Meshes of the Afternoon (1943): Revisiting this on a 16mm print confirmed what a genius piece of filmmaking it is, and furthermore how ahead of its time it was aesthetically, narratively, and politically. Deren's subtle and hypnotic modulation between slow-motion and real-time anticipates Tarkovsky, her rabbit-hole narrative – complete with recurring objects and motifs – is a clear template for Lynch, and her approach to the image of femininity espouses a critique of Hollywood objectification that has inflected a number of socially-conscious filmmakers too great to accurately summarize in a sentence. What really stuck with me this time around was the film's entrancing score, a buzzing, clamoring drone prophetic of Toru Takemitsu's work for Hiroshi Teshigahara and also reminiscent of ritualistic tribal music, speaking to an enduring interest in the topic that eventually led Deren to the villages of Haiti.
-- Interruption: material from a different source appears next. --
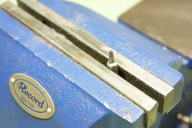 Si tienes un vicio, abrazadera de uno de los pedacitos torx firmemente en su lugar como muestra la imagen. Si no tienes un vicio, puede utilizar una abrazadera en c o vice grips para fijar la broca en el borde de una mesa.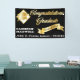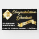 Écriture en noir et or "Félicitations Graduate" sur la droite avec un diamant en forme de diamant, ton or et emblème blanc sur la gauche avec une couche d'emblème en or. Une bannière de couleur or sur le centre droit indique "Classe de 20xx" pour vous de personnaliser avec votre année de graduation. À gauche se trouve le nom du diplômé en lettres blanches et en bas, l'école, le collège ou l'université du diplômé. Design par Holiday Hearts Designs (droits réservés).

Go! Go! Go! (1962-64): A frenetic single-frame diary of Maria Menken's daily NYC commute to her desk job and throughout the city that achieves levels of whimsy, poignancy, and darkness that go well beyond mere observation. This is a film seemingly comprised of impulsive gestures with the camera that nonetheless captures impressions of urban truth: bodies moving rapidly to and fro, boats docking and setting off in a harbor photographed in such a way that they resemble toy ships being manipulated by a child, people relaxing on a beachfront surrounded by looming buildings, and humorous asides distilling and poking fun at constructions of gender norms, such as an amusing bit at a muscle show. Menken's in-camera editing unfolds with joyful abandon, passing over large swaths of time to get at key aspects of the modern city. Looked at this way, Go! Go! Go! suggests the mechanics of mental recollection, the strange feeling of cycling through a day's, week's, or month's worth of events in one's head.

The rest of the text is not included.